As you can see the 50 % more weight on the right side is only able to lift the blue marble on the left side half his height - 5 mm. If the marbles were water, the water will rise 5 mm too. But if you want the water to overcome the 5 mm so that it can flow out, you have to choose a tube that is 4 mm high OR you have to make the shuttle 50%+10% = 60% heavier (by same volume of water)!

So the relation between the weight of the shuttle and the max. lift is 10 % more weight (by same volume of water) for 1mm lift up.  1cm (marble diameter) = 100%, 2cm =200% and so on. And remember you have to lift this weight with your "balloon" only by doubling the volume of the shuttle.

Now take a look at the lower graphic the ratio between both tubes is 1:1.
What is the ratio in the ELSA design? Let us say 1:5 (lift tube : shuttle piston tube).
So if we don?t want to violate the hydrostatic paradoxon that stefan pointed out in his earlier posts, there have to be on the shuttle side, 5 times more downforce (for example press the water 1 mm down) in order to lift the water in the lift-tube 1 mm up.
 
Now we know the relation 10% more weight (shuttle) for one 1mm lift. But when the ration between the tubes is
1:5 we will need 5 times 10% more weight (shuttle) for lift the water 1 mm up.

Stefan - did you try what i write in my last post?
From the beginning you have been right with your assumptions, that this won?t work.
If you now are still believing that ELSA works, I will send you my "barbyfamilytube" for free (without shiping costs).
I live near by Bad Segeberg (Karl May) in Germany.
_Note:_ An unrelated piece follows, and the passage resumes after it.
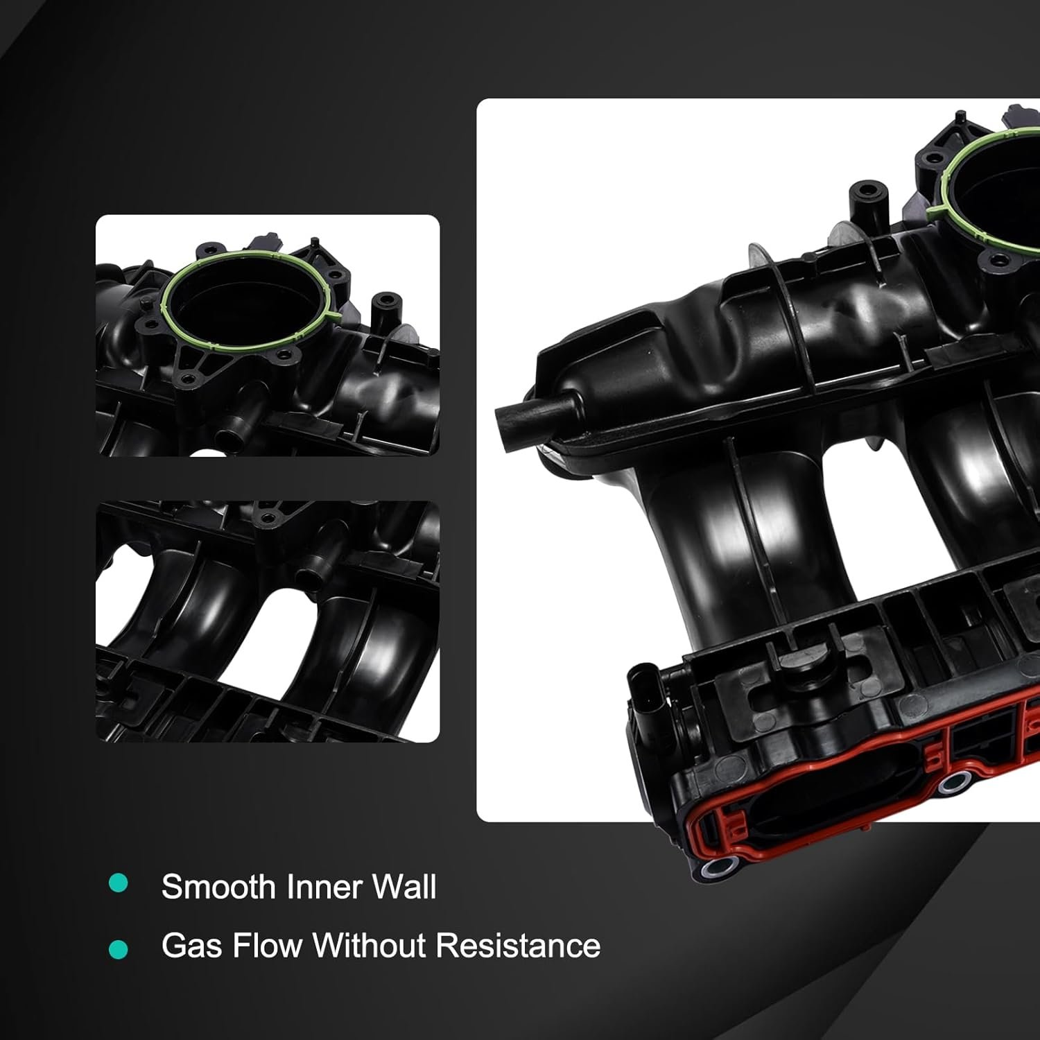 【Strict Quality Control】The intake manifold is built from enhanced plastic to give it durable and excellent performance. It has a gasket built-in design for easier installation and better air-tightness. The smooth inner wall of the manifold makes it super air-intake capacity, driving more smoothly and safely.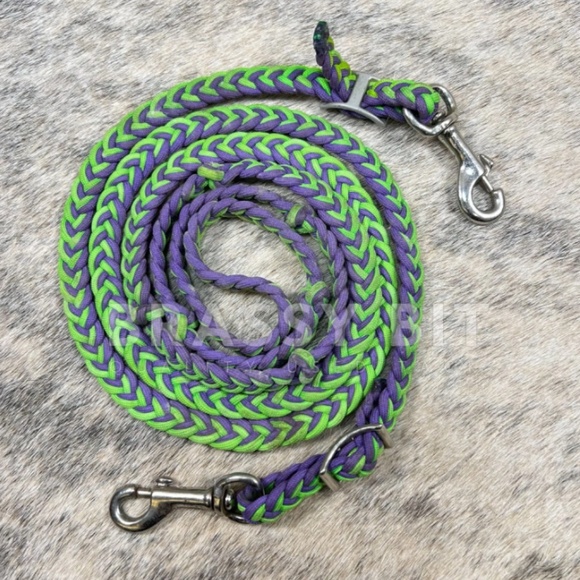 Lightly used 46″ barrel racing style laced connected reins, with conway buckles and snaps at each end, for easy adjustment. Made from a paracord/nylon material that is braided, flat at the bit ends and round with knots at the center. In neon green and purple, in very good used condition. Can go smaller too. Measured from end to center, not total length.

Next i will try to analyse the upstroke of ELSA. But the downstroke definitive won?t work in that manner.

CU
2Tiger

[prajna]

2Tiger,

Water at sealevel has a force of 14.5psi or 1.02kg acting on it.  If I have a 'U' tube such as the one in your drawing that has an internal diameter of 3.57cm it will hold 1 litre/m of tube.  Let's assume that there is enough water in the tube so that the bend at the bottom is under water.  If I then pour 1 litre of water into the tube then the water level in the tube will rise 50cm.  Equally, if I put a 1kg weight in one leg the water level will raise 50cm (since 1 litre of water weighs 1kg).  Is that what you were trying to say?

What will happen if there is just 40cm of height of tube over the level of the water and I put a weight of 1kg in one leg?  The water will flow out of the other leg (because we know that 1kg will push the water up 50cm) and the weight will continue to sink, pushing even more water out of the tube until it gets to the bend at the bottom.  It will have pushed nearly half of the water out of the tube (considerably more than half a kg of water) even though the weight I put in is only 1kg.  This is how ELSA works when the weight is going down.